*** Block opens ***

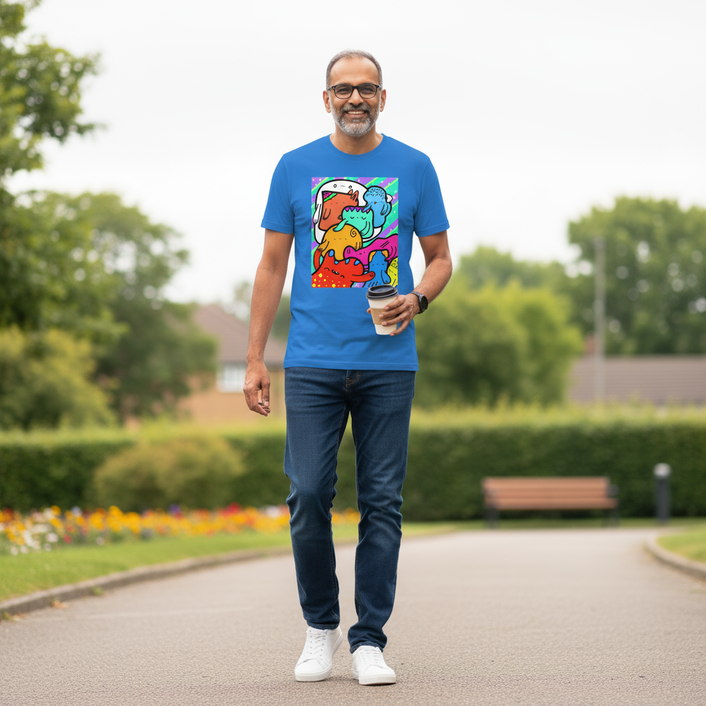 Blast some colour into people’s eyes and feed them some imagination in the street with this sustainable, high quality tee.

*** Block closes ***
*** Block opens ***

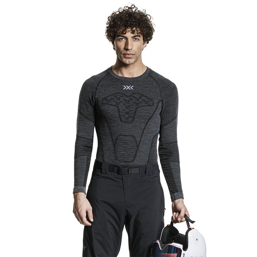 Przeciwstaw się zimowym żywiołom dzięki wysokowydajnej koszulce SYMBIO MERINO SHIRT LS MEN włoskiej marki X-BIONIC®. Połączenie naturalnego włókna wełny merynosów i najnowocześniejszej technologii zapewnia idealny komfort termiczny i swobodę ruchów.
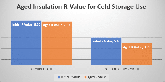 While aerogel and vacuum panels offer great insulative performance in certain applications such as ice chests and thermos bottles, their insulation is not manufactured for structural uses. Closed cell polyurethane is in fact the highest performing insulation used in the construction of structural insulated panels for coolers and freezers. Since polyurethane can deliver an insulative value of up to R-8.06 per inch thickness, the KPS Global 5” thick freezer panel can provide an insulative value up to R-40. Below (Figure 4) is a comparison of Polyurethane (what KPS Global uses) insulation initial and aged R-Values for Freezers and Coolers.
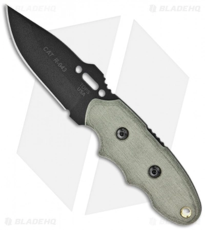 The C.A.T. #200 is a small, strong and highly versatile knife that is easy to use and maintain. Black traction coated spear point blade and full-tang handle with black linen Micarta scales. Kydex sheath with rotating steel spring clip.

*** Block closes ***
*** Block opens ***

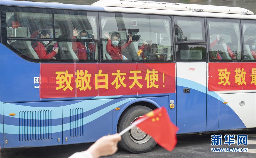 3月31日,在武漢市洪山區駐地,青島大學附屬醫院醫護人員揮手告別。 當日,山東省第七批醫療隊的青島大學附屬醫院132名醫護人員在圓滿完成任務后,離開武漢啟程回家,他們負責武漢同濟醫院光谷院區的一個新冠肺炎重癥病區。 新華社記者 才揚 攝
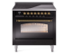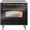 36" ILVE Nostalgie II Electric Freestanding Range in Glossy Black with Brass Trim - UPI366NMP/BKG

*** Block closes ***

_YOUR INSTRUCTIONS_
Leave the pictures out. Output, exactly, the lines of the material above starting at the line containing "Przeciwstaw się zimowym" and ending at the line containing "The C.A.T. #200".

_TASK OUTPUT_
 Przeciwstaw się zimowym żywiołom dzięki wysokowydajnej koszulce SYMBIO MERINO SHIRT LS MEN włoskiej marki X-BIONIC®. Połączenie naturalnego włókna wełny merynosów i najnowocześniejszej technologii zapewnia idealny komfort termiczny i swobodę ruchów.
 While aerogel and vacuum panels offer great insulative performance in certain applications such as ice chests and thermos bottles, their insulation is not manufactured for structural uses. Closed cell polyurethane is in fact the highest performing insulation used in the construction of structural insulated panels for coolers and freezers. Since polyurethane can deliver an insulative value of up to R-8.06 per inch thickness, the KPS Global 5” thick freezer panel can provide an insulative value up to R-40. Below (Figure 4) is a comparison of Polyurethane (what KPS Global uses) insulation initial and aged R-Values for Freezers and Coolers.
 The C.A.T. #200 is a small, strong and highly versatile knife that is easy to use and maintain. Black traction coated spear point blade and full-tang handle with black linen Micarta scales. Kydex sheath with rotating steel spring clip.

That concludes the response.